REQUIRED WORK: No pictures should appear. The lines from the beginning of the listing through the one holding "窓辺で眠そうにしておりました" must be reproduced exactly, and nothing more.

DATA SECTION:
_ _ _

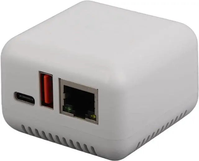 MULTIPLE INTERFACES: Computer print server adapter with Type C power supply port, printer USB connection port, and network cable interface.
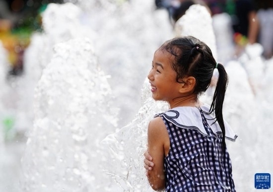 6月23日,小朋友在北京五棵松華熙Live一處噴泉戲水。
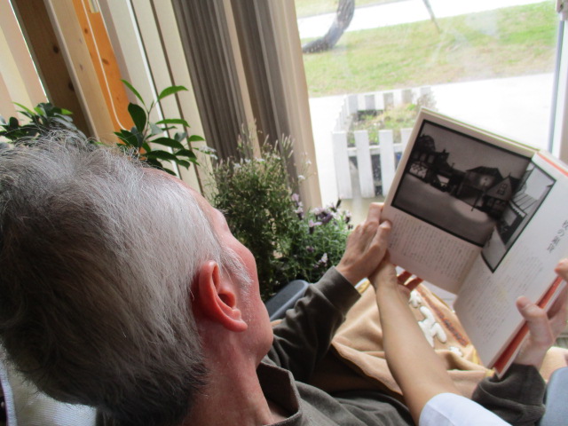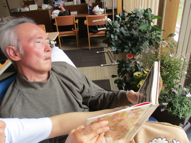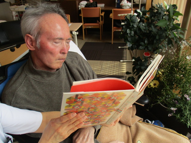 窓辺で眠そうにしておりましたが、上肢屈伸運動の後でしっかり両手で本を持っていただきました。
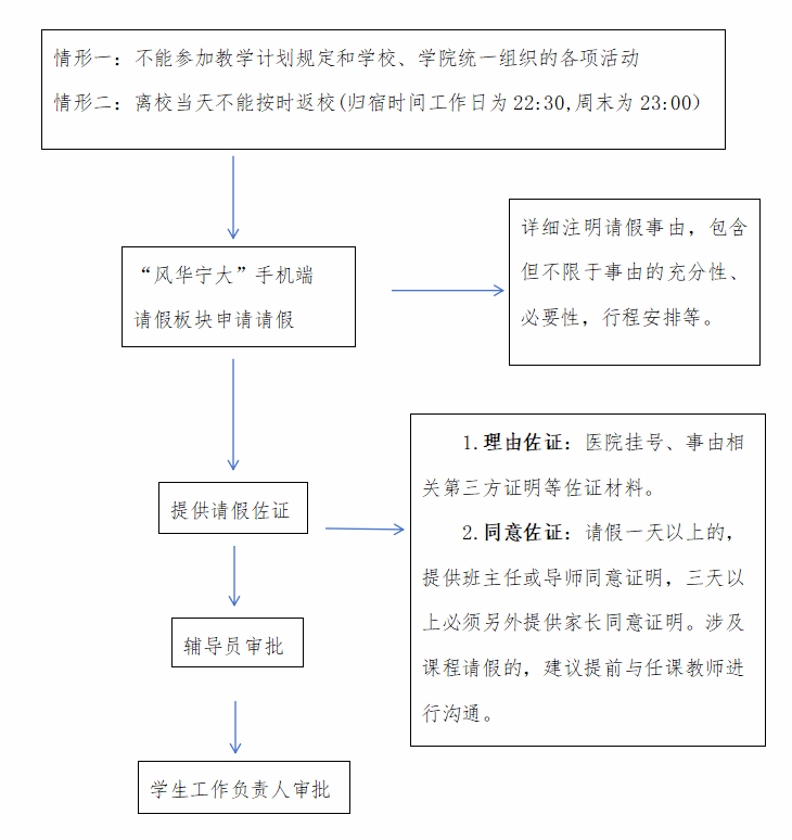1.学生未按规定办理请假或请假内容不实,均按学校有关规定处理,并记入学生现实表现。(如未请假晚归或不归,视情节予以情况通报或通报批评,或给予校级处分。)

_ _ _

ANSWER BOX:
 MULTIPLE INTERFACES: Computer print server adapter with Type C power supply port, printer USB connection port, and network cable interface.
 6月23日,小朋友在北京五棵松華熙Live一處噴泉戲水。
 窓辺で眠そうにしておりましたが、上肢屈伸運動の後でしっかり両手で本を持っていただきました。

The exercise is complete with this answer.